Starting at the line that contains "当寺にある石造地藏菩薩立像は", reproduce every line through the end of the entries below, with no pictures in the copy.

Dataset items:
^^^^^^^^^^^^^^^^
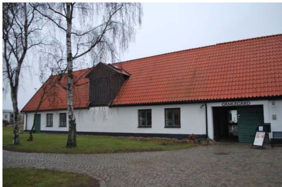
Entréfasad mot söder. Kyrkolängan.
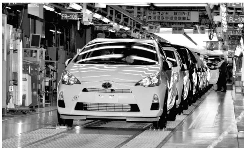
得意のHVや新興国戦略車で、販売数を伸ばす(売れ行きが好調な小型HV「アクア」)
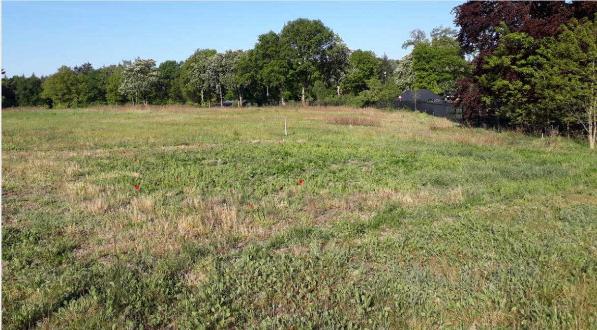
Figuur 12. De HEEM-vegetatie is op 30 september 2019 gezaaid en blijkt op 6 mei 2020 goed opgekomen.
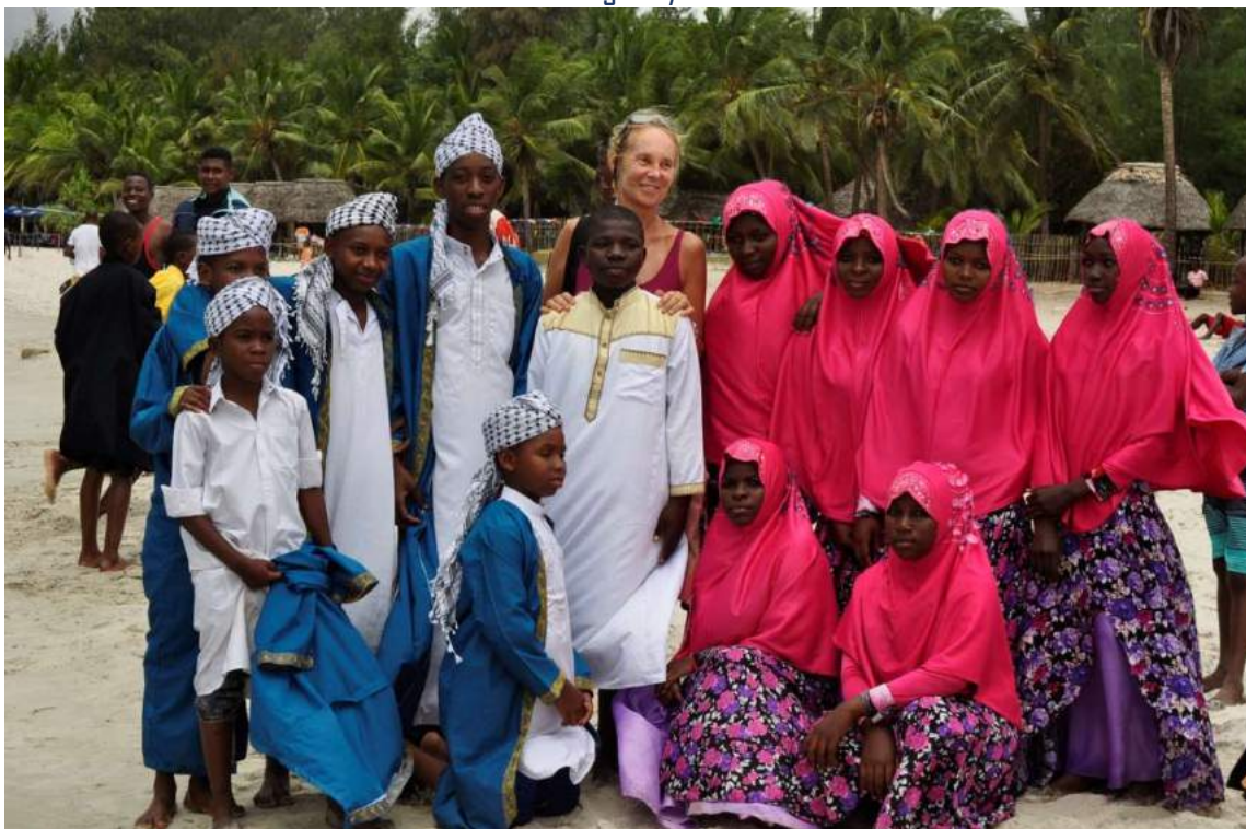
La festa per il bando gov. contro la pesca di frodo con Dinamite (by VPM e MFCCG) 2017
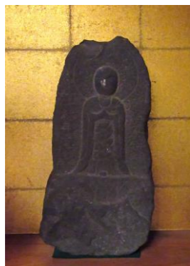
石造地藏菩薩立像

当寺にある石造地藏菩薩立像は享禄5年(1532)の和泉砂岩製で本市の貴重な石造美術品といえます。絹本著色阿弥陀三尊来迎図は室町時代初期頃のものとしてされています。
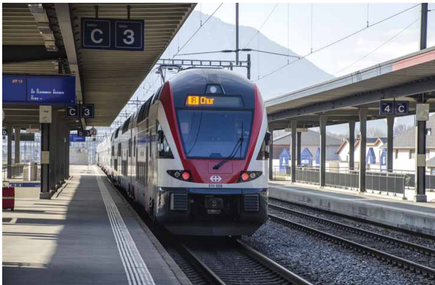
SBB-ov interregionalni vlak za Chur
^^^^^^^^^^^^^^^^
▸ **Expected answer**
当寺にある石造地藏菩薩立像は享禄5年(1532)の和泉砂岩製で本市の貴重な石造美術品といえます。絹本著色阿弥陀三尊来迎図は室町時代初期頃のものとしてされています。
SBB-ov interregionalni vlak za Chur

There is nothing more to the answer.